Novartis’ (NVS) multiple sclerosis (MS) drug Gilenya continues to show its efficacy in treating patients in the long run. Gilenya is the first approved once-daily oral therapy for the treatment of relapsing forms of MS.
Novartis presented new data on Gilenya from three pivotal studies – TRANSFORMS, FREEDOMS and FREEDOMS extension studies. The data indicates that continued treatment with Gilenya can lead to a reduction in brain volume loss in patients suffering from relapsing forms of MS.
It was also observed that a higher proportion of patients treated with Gilenya remained free from disability progression.
Novartis presented this new data at the European Committee for Treatment and Research in Multiple Sclerosis in Denmark.
In addition, Novartis also released data from an international MS registry and a U.S. health claims data base which showed that Gilenya was more effective in reducing risks of relapses compared to standard therapies.
Novartis licensed Gilenya from Mitsubishi Tanabe Pharma Corporation. We note that Gilenya is approved in the U.S. for relapsing forms of MS. In the EU, Gilenya is approved for adult patients with highly active relapsing-remitting MS (RRMS).
We are encouraged by the data on Gilenya, which showed the effectiveness of the drug against standard treatments in the long run. We note that Gilenya was one of the top selling drugs of Novartis in the first half of 2013 generating sales of $889 million, up 68% year over year.

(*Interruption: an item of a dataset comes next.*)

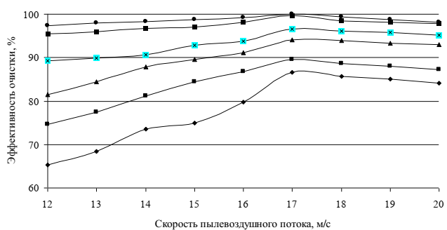 From the received exerimental data it follows that with increase of input speed of a dust-air stream from 12 to 17 m/s the efficiency of cleaning increases up to 86,6 % (at a fraction of particle size <5) and 99,98 % (fraction >60 microns), the further increase of speed up to 20 m/s negatively influences efficiency of cleaning, i.e. efficiency of cleaning decreases from 84,2 % to 98,2 %.

However, competition is intensifying in the MS market for Gilenya given the presence of various treatments from Biogen Idec (BIIB).
Biogen is the market leader in therapies for the treatment of MS with key drugs such as Avonex and Tysabri. Moreover, Biogen received a huge boost recently with its oral MS treatment, Tecfidera, gaining U.S. approval in Mar 2013. Tecfidera is currently under review in the EU.